Why are the eigenvalues of this Sturm Liouville problem all positive?

Question

I have this problem in my book$$(\rho R')'+\lambda \rho R=0$$ with the solution that is finite for $\rho \to 0$ and $R(\rho=1)=0$. The book says "it can be shown that the eigenvalues are all positive, of the for $\lambda=\mu^2$.It doesn't show how. So here's my try

MY APPROACH

$\lambda = 0$: $(\rho R')'=0$ which gives $\rho R' = A$ which then gives $R'=\frac{A}{\rho}$ and therefore $R=A\ln{(\rho)}+B$ Now the natural logarithm goes to minus infinity when $\rho$ approaches $0$ and therefore we know $A=0$. Hence $R=B$. However, we also know that $R(\rho=1)=0$ and this tells us that $B=0$. Hence for $\lambda=0$ we only have trivial solutions.

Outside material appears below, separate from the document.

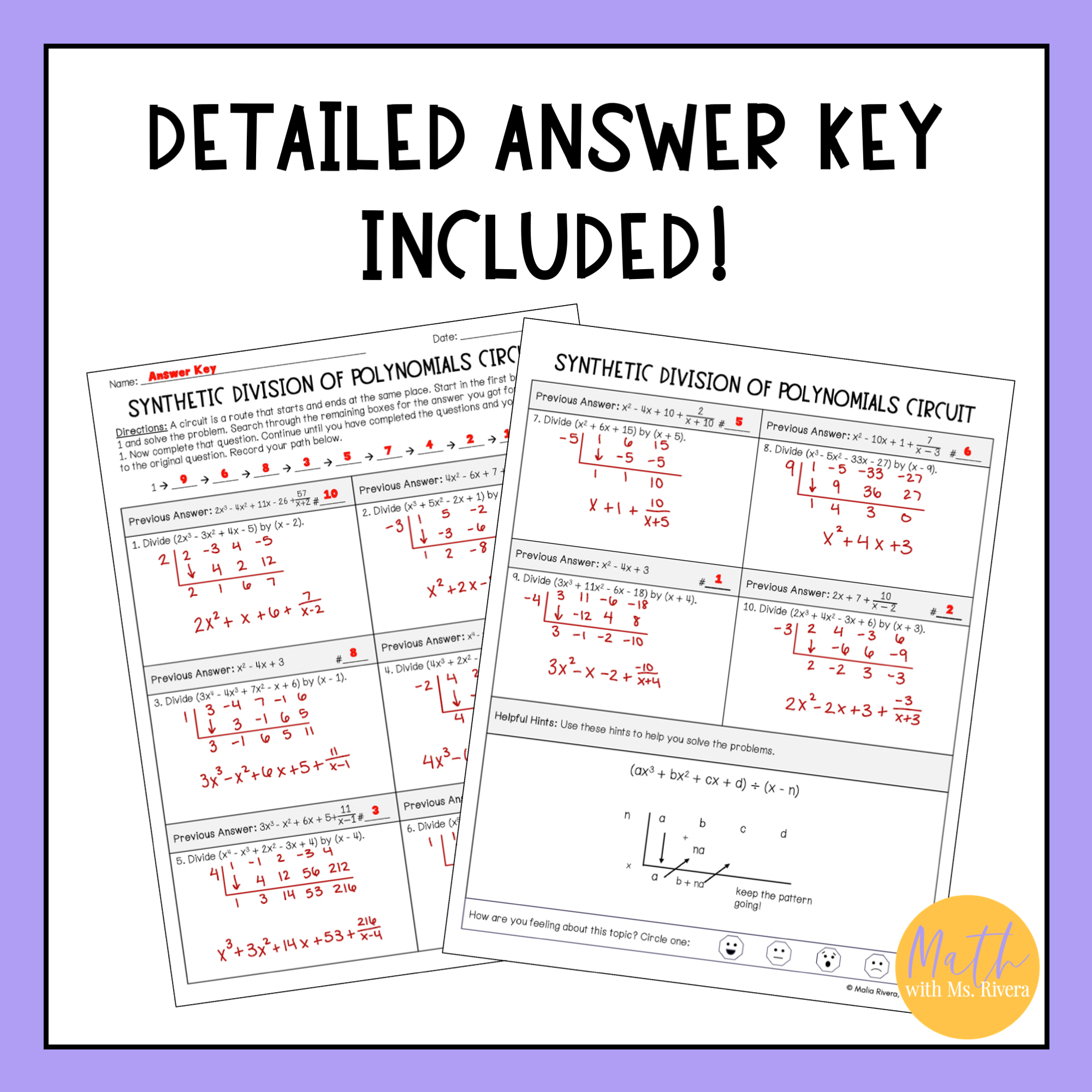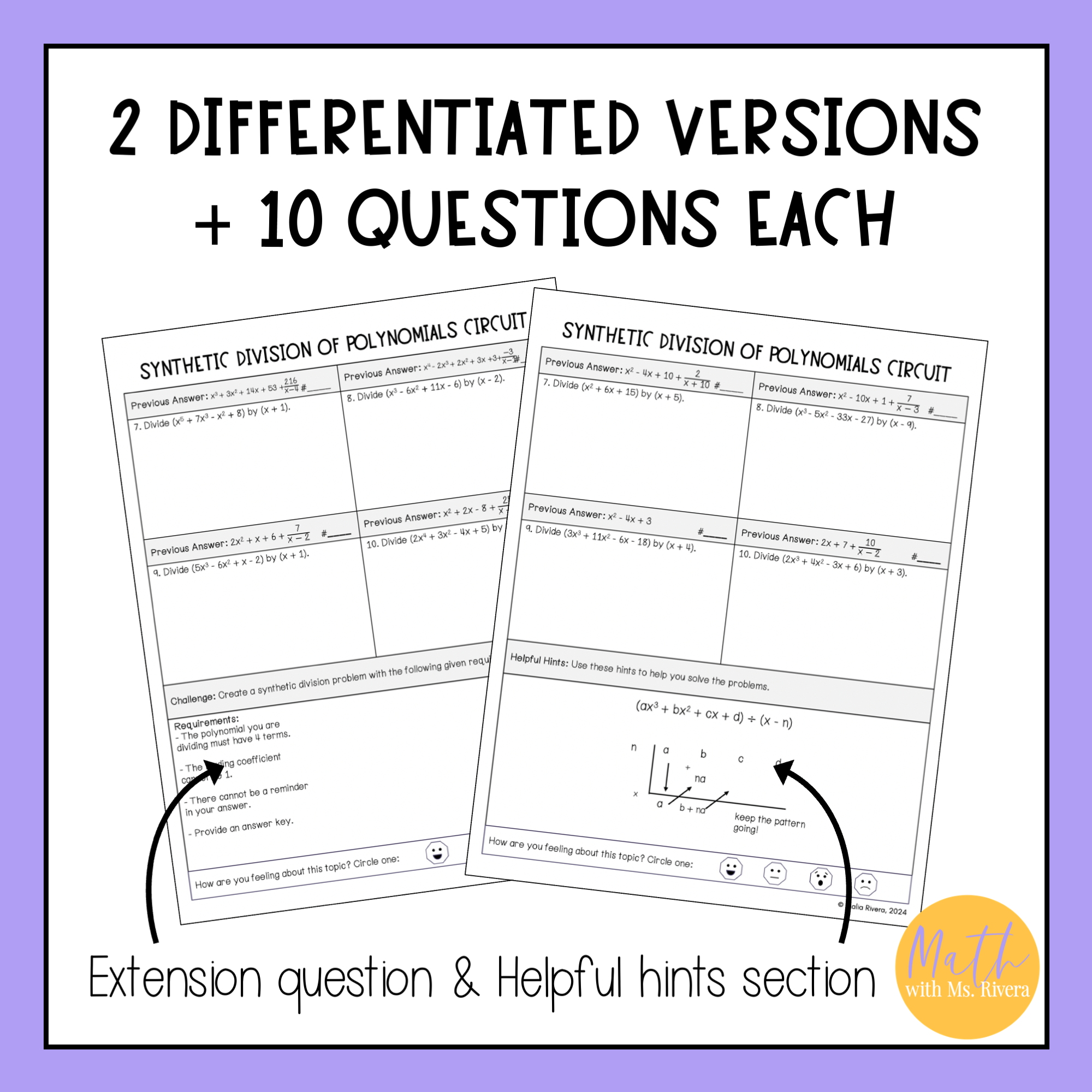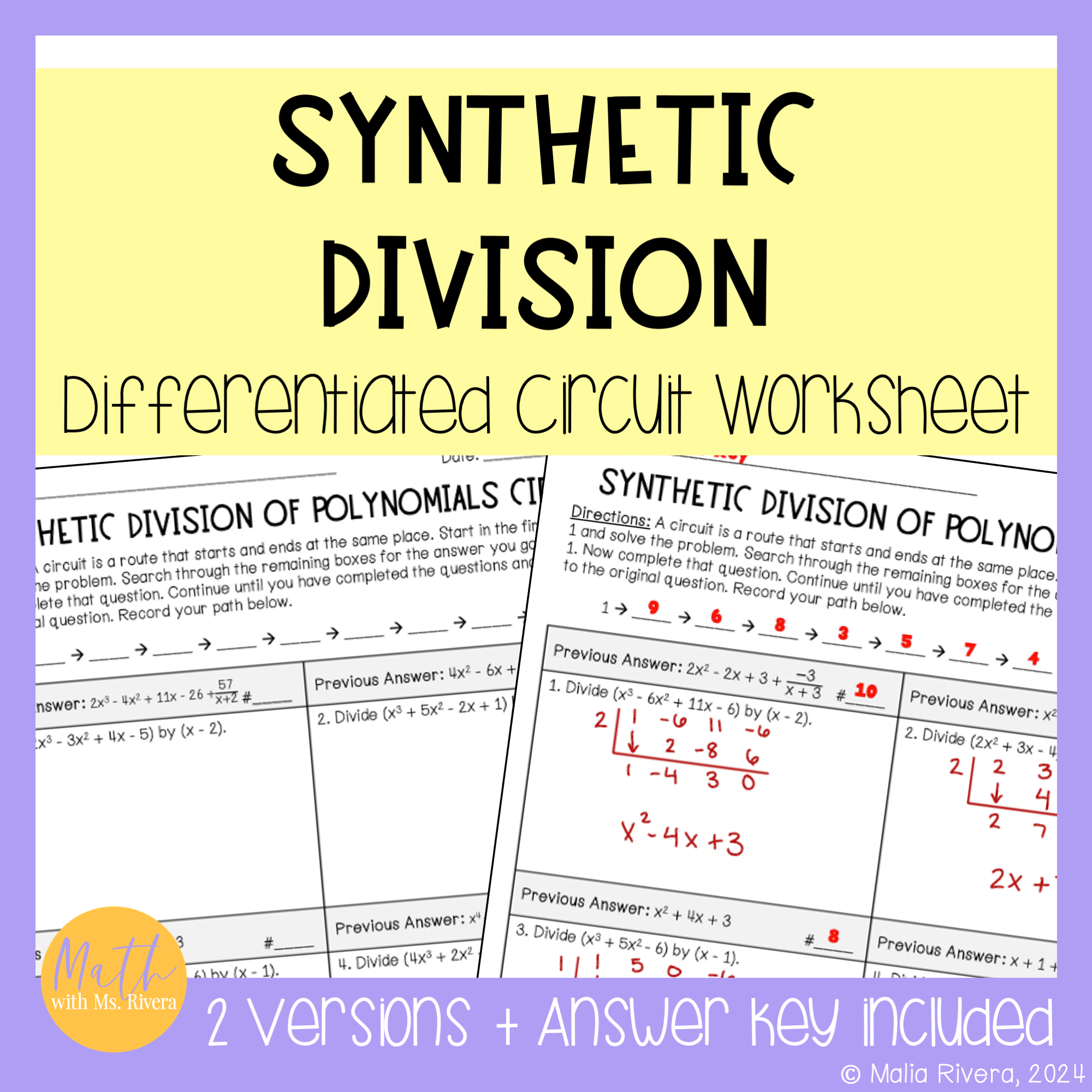 Are you looking for a worksheet to practice dividing polynomials using synthetic division? Check out this differentiated circuit worksheet! This self-checking worksheet has 10 problems on each version and is designed for students to check their answers as they work.

$\lambda <0$: Suppose $\lambda=-\mu^2$, then we have $(\rho R')'-\mu^2\rho R=0$

However I don't know how to continue. Any idea on how to show that the eigenvalues are all positive?

Answer 1

Multiply by $R$ and integrate from $0$ to $1$: $$ 0=\int_0^1 ((\rho R')'R + \lambda \rho R^2) \, d\rho. $$ Now integrate the first term by parts: $$ \int_0^1 ((\rho R')'R \, d\rho = \left[ \rho R'R \right]_0^1 - \int_0^1 \rho R'^2 \, d\rho. $$ The first term vanishes if we assume that $R'$ is bounded as well, so $$ 0 = -\int_0^1 \rho R'^2 \, d\rho + \lambda \int_0^1 \rho R^2 \, d\rho. $$ Both integrals are strictly positive, so $\lambda$ must also be. This argument will work for any Sturm–Liouville problem, provided it is properly formulated.

Answer 2

One solution of Bessel's equation (without the right endpoint condition) is $$ R_{\lambda}(r)=\sum_{k=0}^{\infty}\lambda^k\frac{(-1)^k\rho^{2k}}{2^{2k}(k!)^2}. $$ A second linearly independent solution is obtained by variation of parameters, from which it can be shown that the second solution $S_{\lambda}$ is singular at $\rho=0$ because $R_{\lambda}(\rho)=1$ at $\rho=0$: $$ S_{\lambda}(\rho) = R_{\lambda}(\rho)\int\frac{1}{\rho R_{\lambda}(\rho)}d\rho. $$ So any eigenvalue of your problem satisfying the right endpoint equation is a solution of the power series equation $R_{\lambda}(1)=0$. Of course $\lambda$ must be real, and it is obvious from the form of the power series in $\lambda$ that $\lambda \ge 0$ must hold because all terms of the power series $R_{\lambda}(1)$ are positive for $\lambda$ real and negative. What also comes out of this argument is the fact that the eigenvalues have no finite point of accumulation because they are the zeros of an entire function.